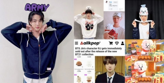 출시 때마다 알제이의 품절 대란이 이어지자 한 팬이 팬 커뮤니티 위버스에 글을 올리자 진은 "아들! 아빠는 뿌듯하다!"며 자랑스러워하는 모습을 보이기도 했다.
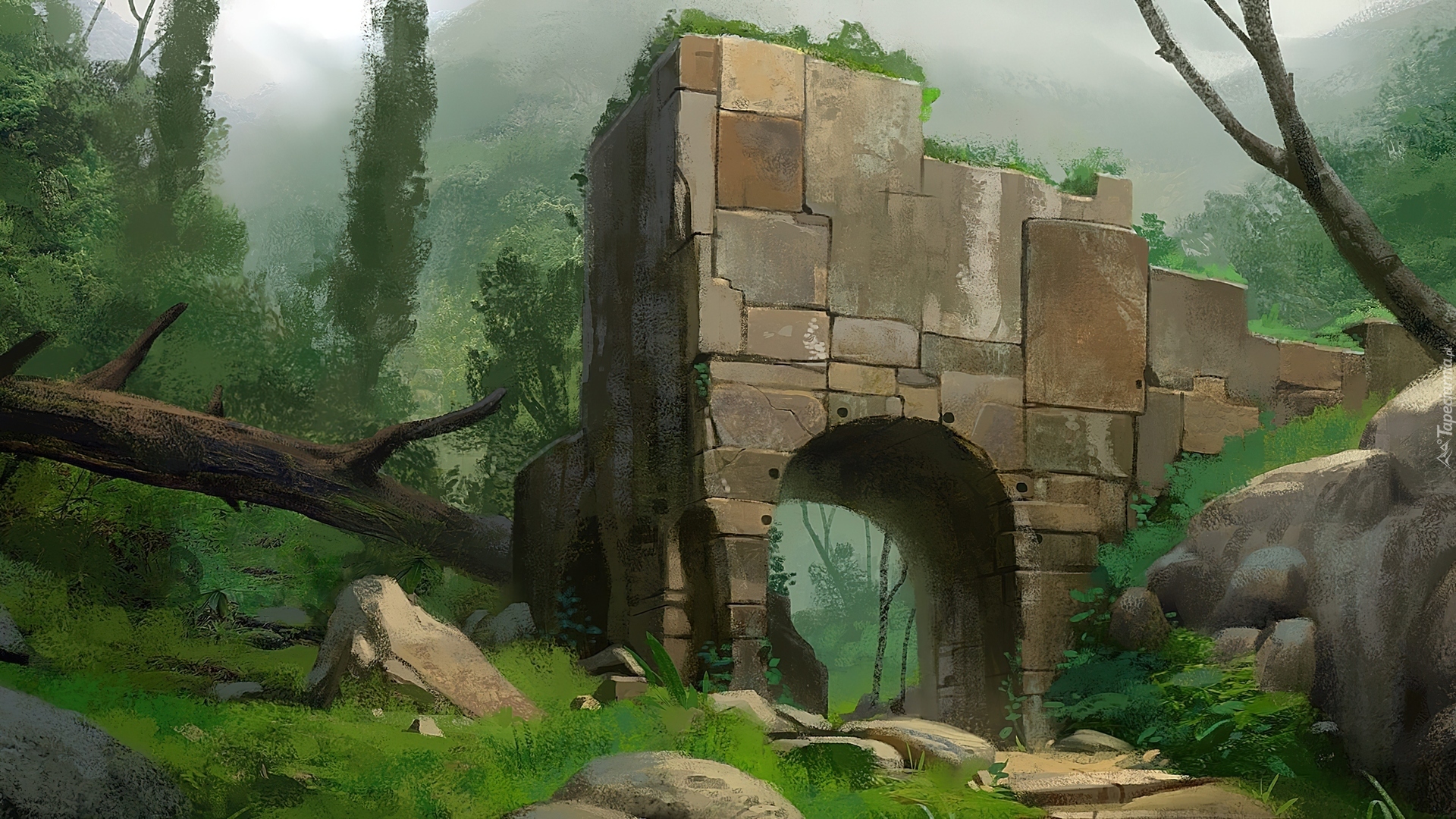 Edytor tapety: Ruiny, Skały, Zieleń
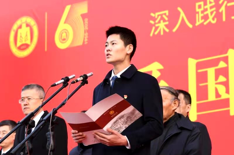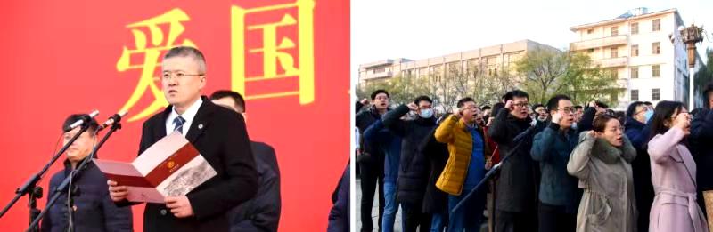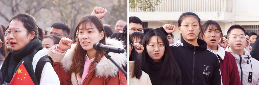 青年教师代表、山东青年五四奖章获得者、有突出贡献的中青年专家满忠晓教授,学生代表、校学生会主席李泳儒同学,分别带领在场教师和学生庄重宣誓。
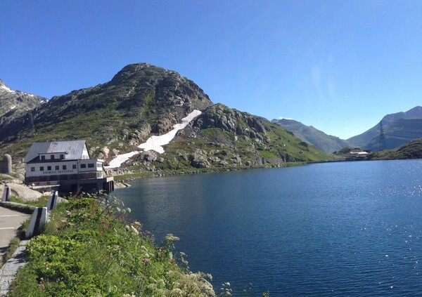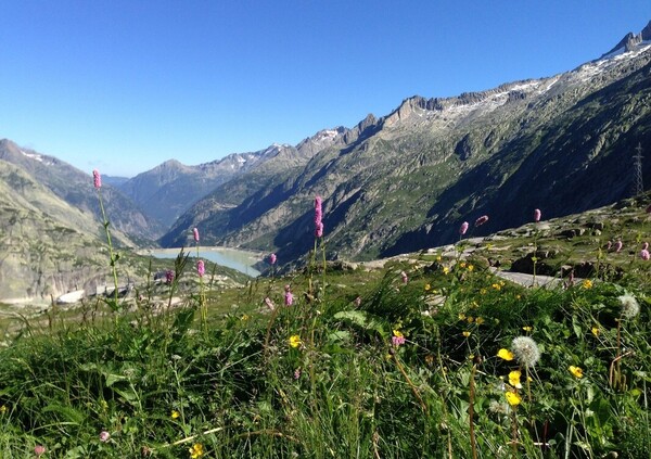 La discesa verso Innertkirchen è fantastica, e ce la godiamo in tutta tranquillità con il sole che inizia a scaldare, con le poche auto sulla strada - la maggior parte dei veicoli fa il passo al contrario in questa domenica di agosto - e con il meraviglioso hotel affacciato sul lago che appare come una fortezza inespugnabile nel cuore delle Alpi svizzere, inframmezzate da ripide gole. Intorno a noi tantissimo verde, poche e graziose casette, molti escursionisti che respirano l’aria fresca del cantone bernese e un solo grande paese dove si trovano alcuni alberghi e bar, Guttannen. Poi è di nuovo solo asfalto da mordere in un contesto naturale quasi idilliaco fino a Innertkirchen, dove si abbandona la Strada 6 per deviare sulla 11. Anche in questa vallata c’è una sola cittadina importante, Gadmen, mentre il resto è tutto rocce dolomitiche, prati verdi, pascoli di alta montagna e ghiacciai che resistono stoicamente al surriscaldamento del pianeta.
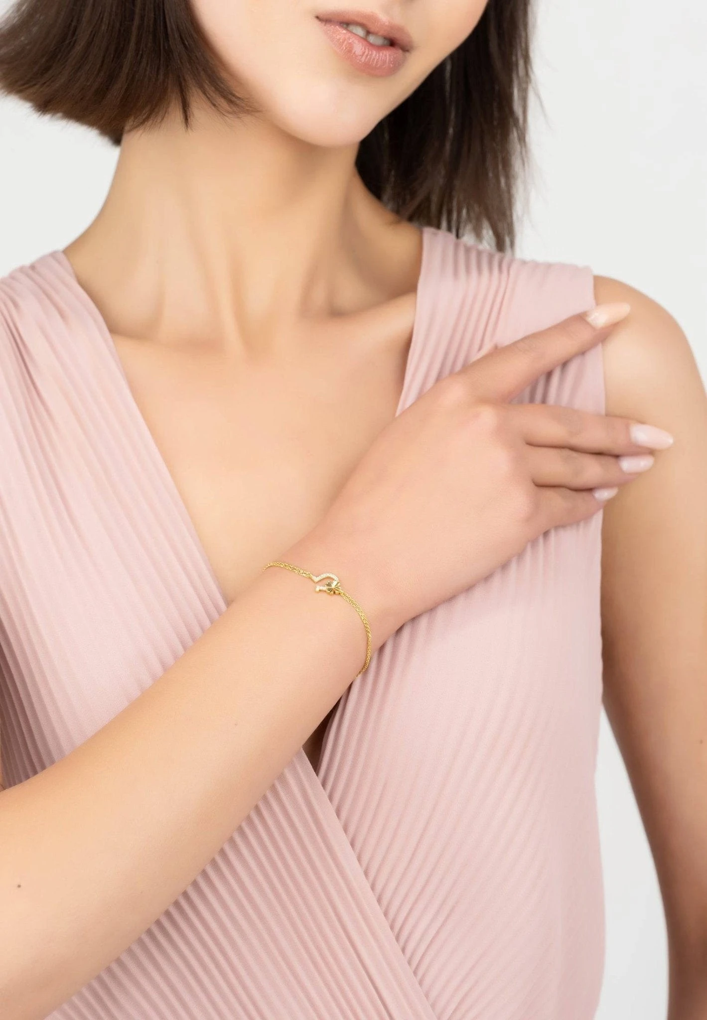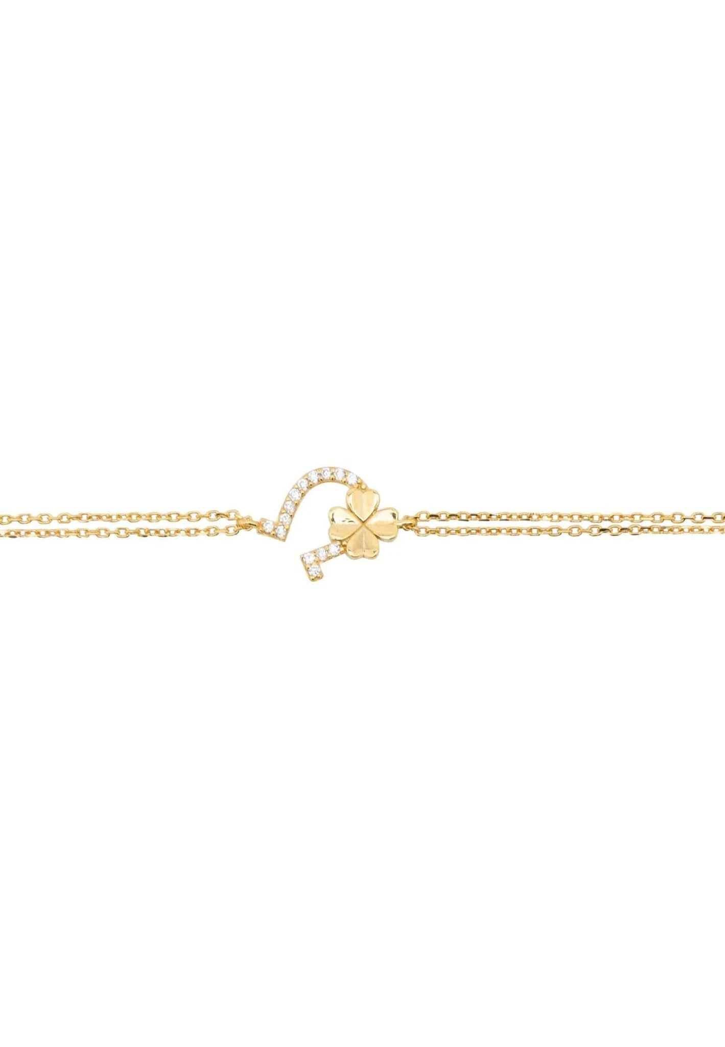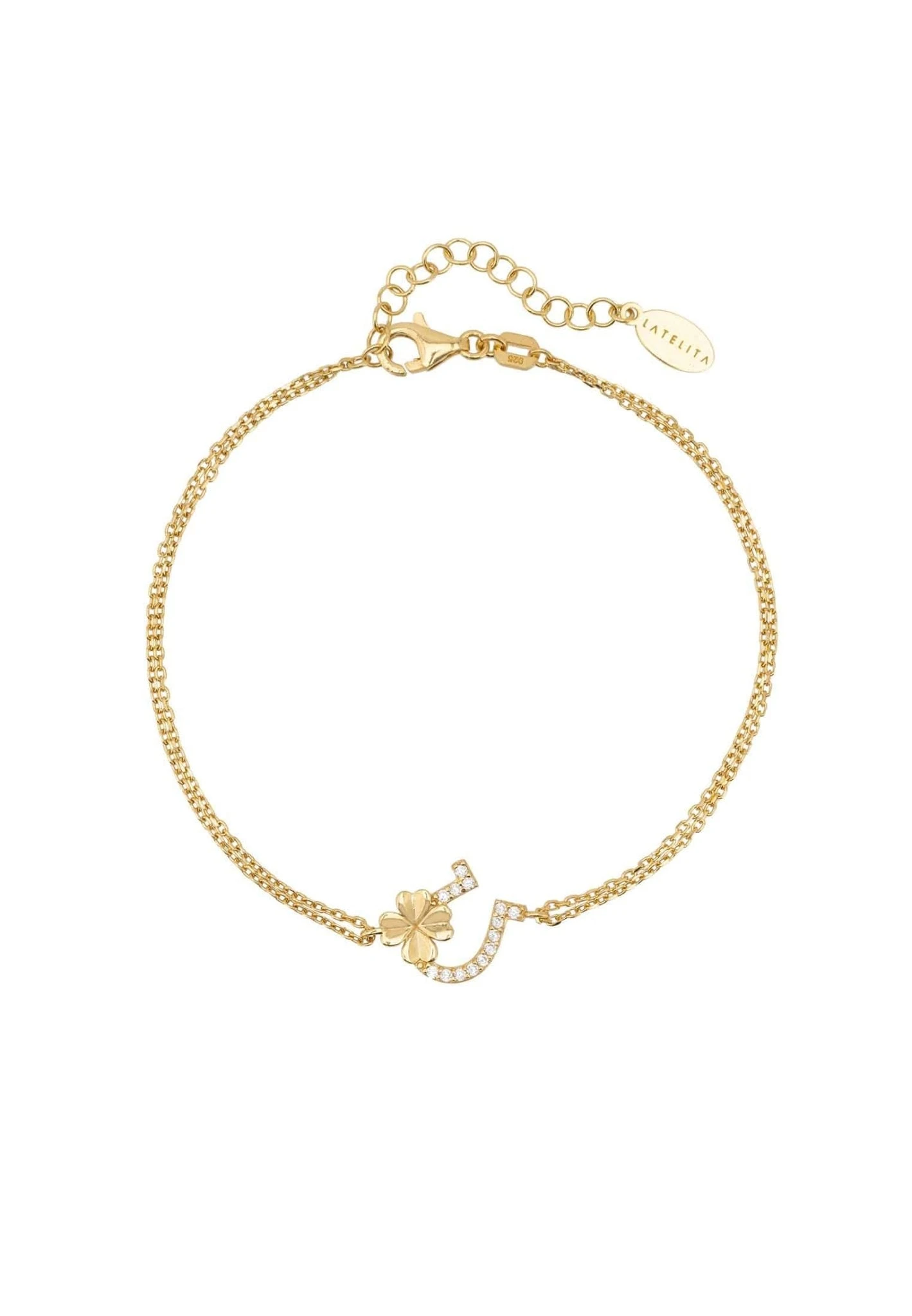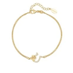 This simple yet chic, Horseshoe and Shamrock bracelet is perfect for everyday styling. Handcrafted in sterling silver, this bracelet features a double chain with the horseshoe & shamrock motif suspended at its centre. The horseshoe is adorned with zircons whilst the shamrock has been left in a highly polished metallic for added interest.
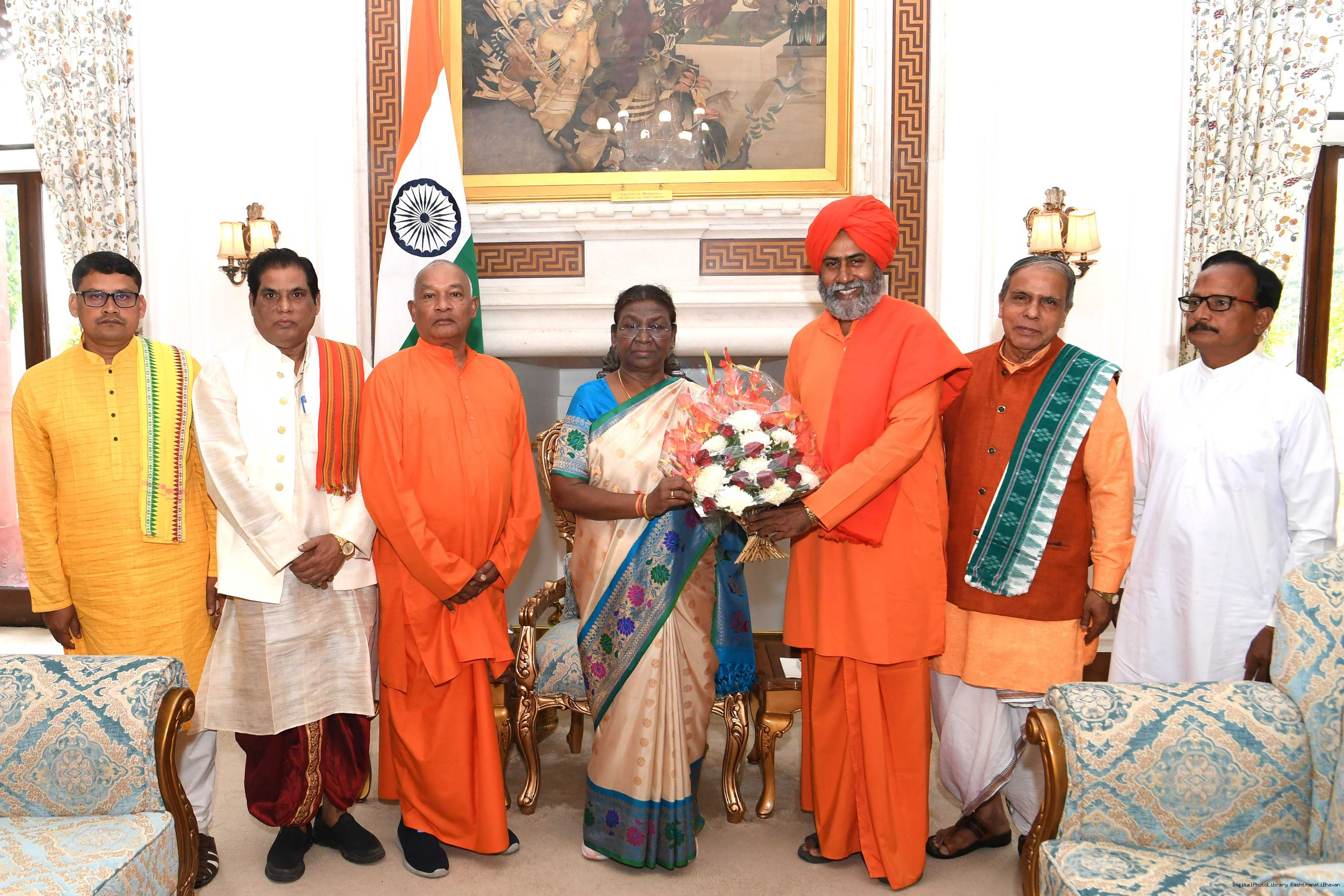 Shri Basant kumar Panda MP Lok Sabha from kalahandi along with Swami Vratanand Saraswati Swami Sudhanand Saraswati meeting with the President of India Smt. Droupadi Murmu at Rashtrapati Bhavan on November 15, 2023

──────────────────────────────

In the entries above, find the line containing "This simple yet"; transcribe exactly that line and every line after it through the end, and only those, omitting pictures.

 This simple yet chic, Horseshoe and Shamrock bracelet is perfect for everyday styling. Handcrafted in sterling silver, this bracelet features a double chain with the horseshoe & shamrock motif suspended at its centre. The horseshoe is adorned with zircons whilst the shamrock has been left in a highly polished metallic for added interest.
 Shri Basant kumar Panda MP Lok Sabha from kalahandi along with Swami Vratanand Saraswati Swami Sudhanand Saraswati meeting with the President of India Smt. Droupadi Murmu at Rashtrapati Bhavan on November 15, 2023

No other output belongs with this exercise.